将N-(羟甲基)丙烯酰胺(NMA)引入丙烯酸自抛光树脂体系制备了具有自交联特性和防污性能的RZn-NMA-X自更新涂层。通过将自抛光树脂与亲水性交联网络相结合，在60 d的静态泡水实验中，RZn-NMA-X涂层在海水中展现出稳定的水解速率和稳定的成膜表面。实验室生物测定和150 d海洋现场测试表明，RZn-NMA-X聚合物具有良好的防污性能，最佳含量为5%NMA。研究表明，适量NMA的引入不仅增强了涂层防污性能，而且较好的表面特性为其逐步抛光，抵抗生物污损提供保障，有利于增加海洋设备服役时长。本工作所提制备方法简单，原料廉价易得，可用于防污应用的规模化生产。

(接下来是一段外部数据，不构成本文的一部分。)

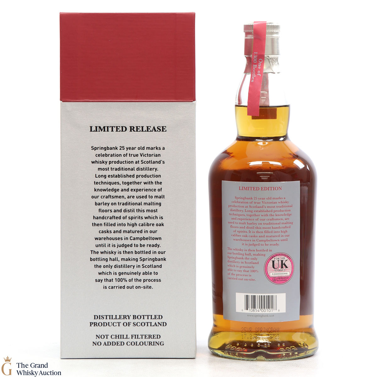 A very limited release from the Campbeltown distillery Springbank. Bottled in 2022 this 25 Year Old was bottled at 46% ABV and is one of only 1,300 bottles. This bottling has been made up from a combination of casks; 40% bourbon casks, 60% sherry casks.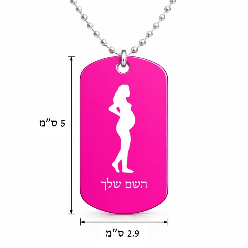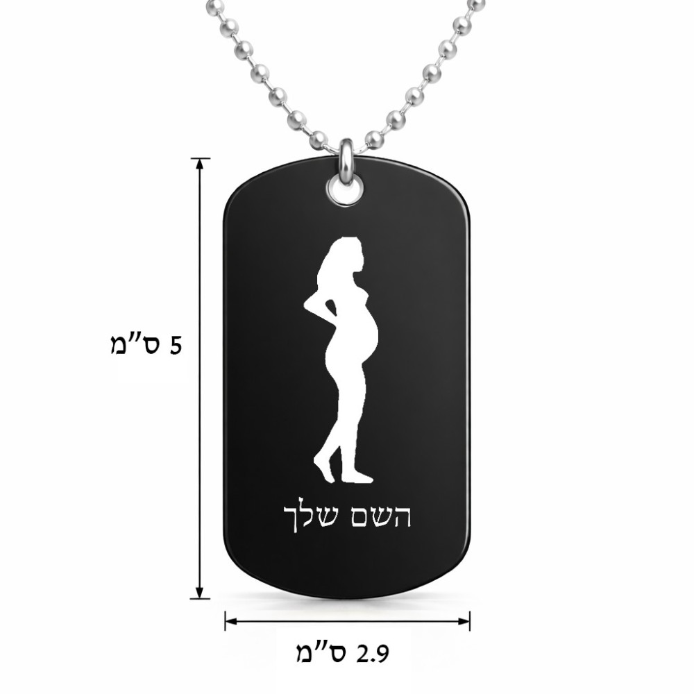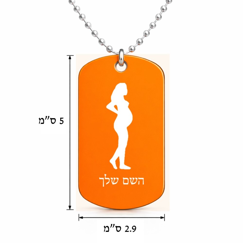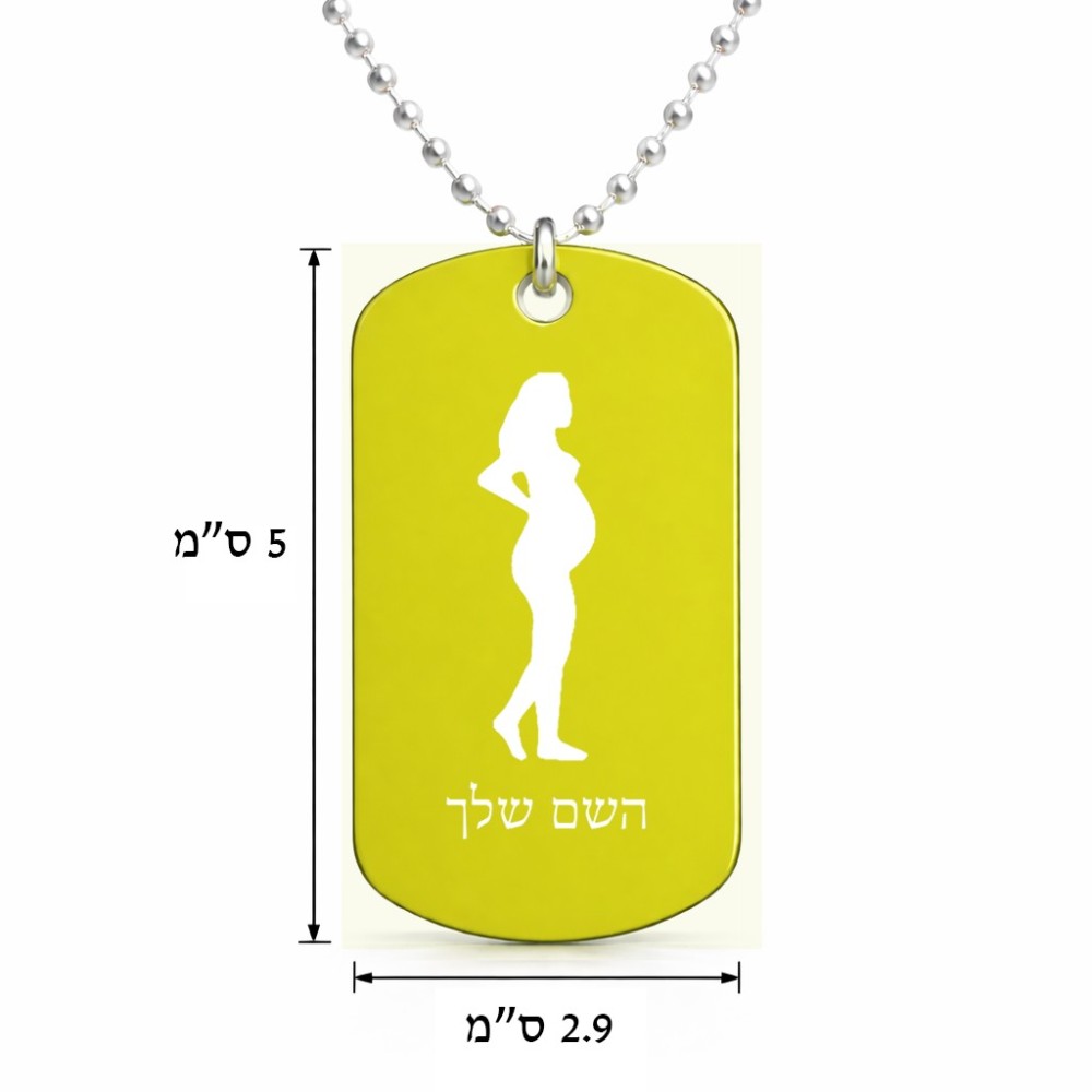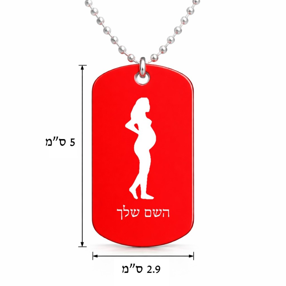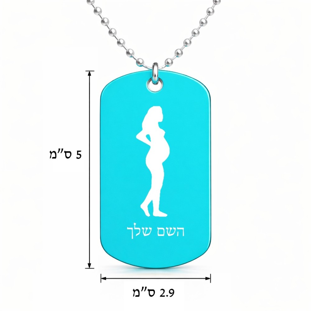 שרשרת דיסקיט מאלומיניום בעיצוב אישי עם השם שלך בעיצוב אישה בהריון גודל הדיסקיט 2.9 × 5 ס"מ. את השם המבוקש ניתן לציין בהזמנה, אם לא צויין אנחנו ניצור קשר לבירור.

关键词 ：丙烯酸树脂, 自抛光, 自交联, 防污, N-(羟甲基)丙烯酰胺(NMA)

Abstract：

A novel self-renewable coating RZn-NMA-X with self-crosslinking properties and antifouling performance was prepared by introducing N-Methylol acrylamide (NMA) into a self-polishing acrylic resin. The coating formed by the combination of a self-polishing resin with a hydrophilic crosslinking network referred to as RZn-NMA-X, exhibited a stable hydrolysis rate and stable film-forming surface in seawater in a 60 d static soaking test. The laboratory bioassay and 150 d marine field test showed that the RZn-NMA-X polymer has good antifouling properties with an optimal content of 5%NMA. In conclusion, the incorporation of an appropriate amount of NMA not only enhances the antifouling performance of the coating, but also provides assurance for its gradual polishing and resistance to biofouling due to its favorable surface characteristics, which is beneficial for enhancing the longevity of marine antifouling in coating applications. The preparation method suggested in this study is straightforward, and the raw materials are affordable and readily available, making it suitable for large-scale production in antifouling applications.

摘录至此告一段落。